Synaptic receptors gate the neuronal response to incoming signals, but they are not homogeneously distributed on dendrites. A spatially defined receptor distribution can preferentially amplify certain synaptic inputs, resize receptive fields of neurons, and optimize information processing within a neuronal circuit. Thus, a longstanding question is how the spatial organization of synaptic receptors is achieved. Here, we find that action potentials provide local signals that influence the distribution of synaptic AMPA receptors along dendrites in mouse cerebellar stellate cells. Graded dendritic depolarizations elevate CPEB3 protein at proximal dendrites, where we suggest that CPEB3 binds to GluA2 mRNA, suppressing GluA2 protein synthesis leading to a distance-dependent increase in synaptic GluA2 AMPARs. The activity-induced expression of CPEB3 requires increased Ca(2+) and PKC activation.

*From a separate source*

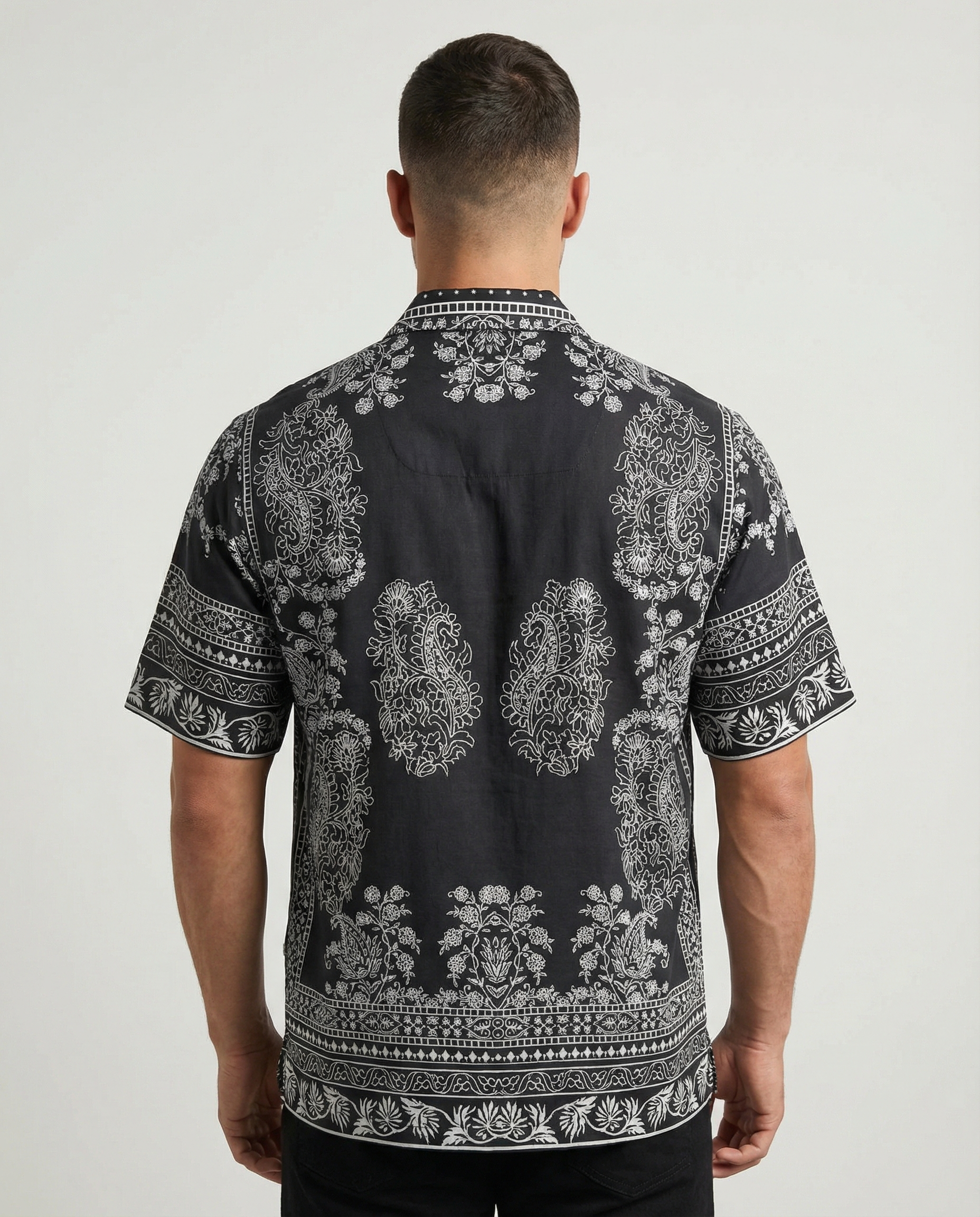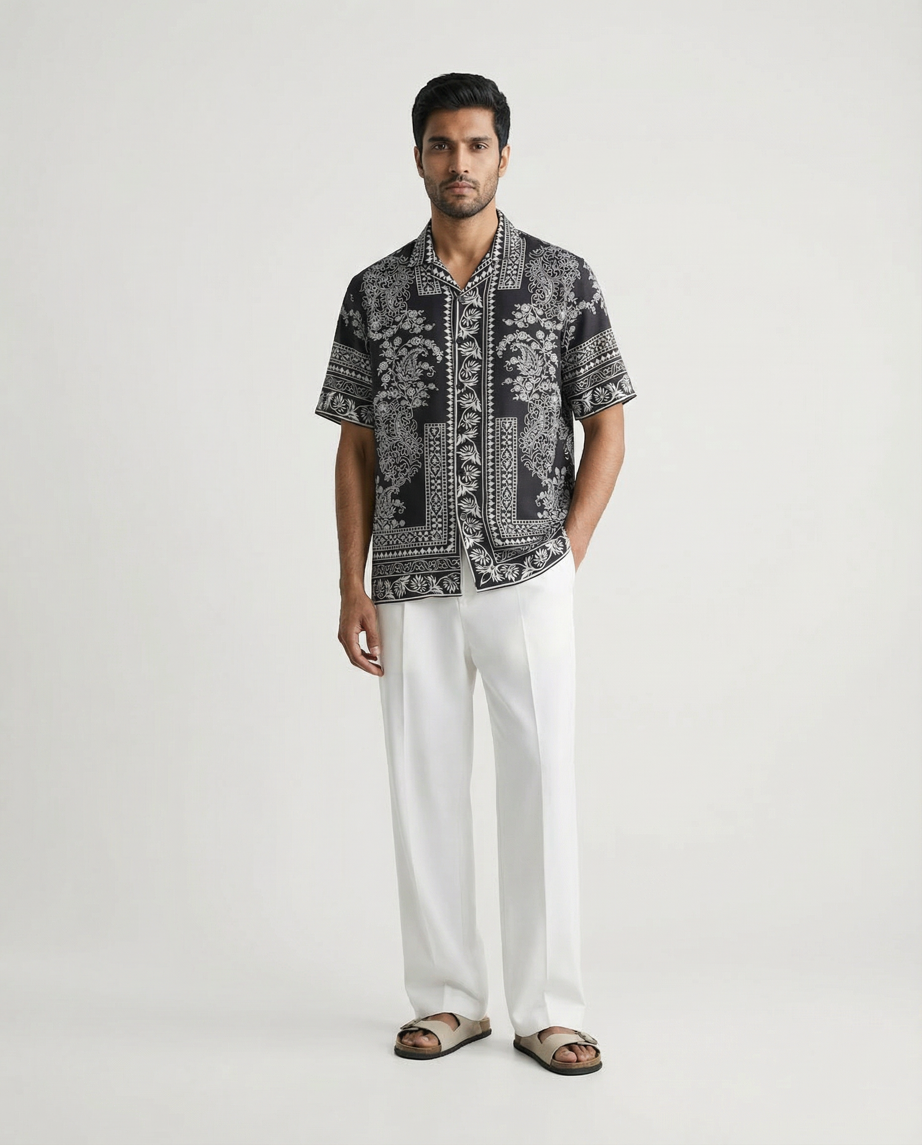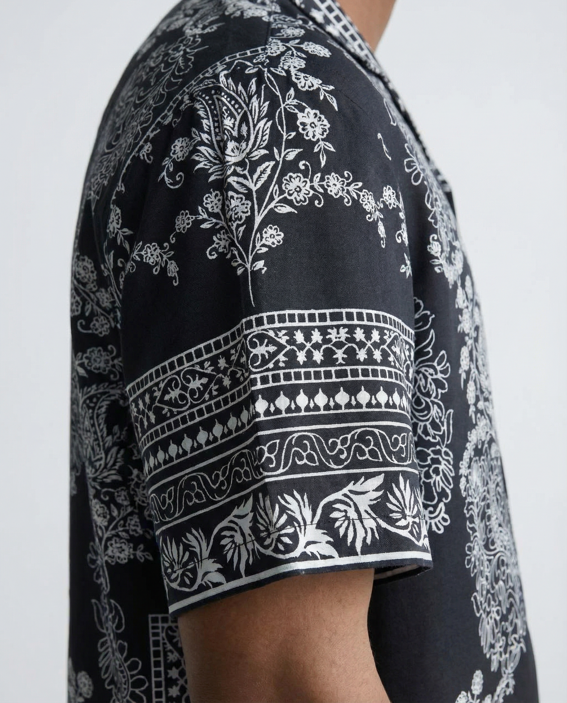 Step out in style with this Cuban collar shirt, tailored from ultra-soft, breathable tencel fabric. Featuring relaxed tailoring and an artistic abstract print in deep reds, blues, and muted tones, it offers a fluid drape and contemporary flair—perfect for standout summer statements.

Our results suggest a cell-autonomous mechanism where sustained postsynaptic firing drives graded local protein synthesis, thus directing the spatial organization of synaptic AMPARs.

Keywords: AMPA receptor; CPEB3; GluA2; PKC; action potentials; calcium imaging; cerebellar stellate cell; dendritic gradient; subunit composition; topostatic plasticity.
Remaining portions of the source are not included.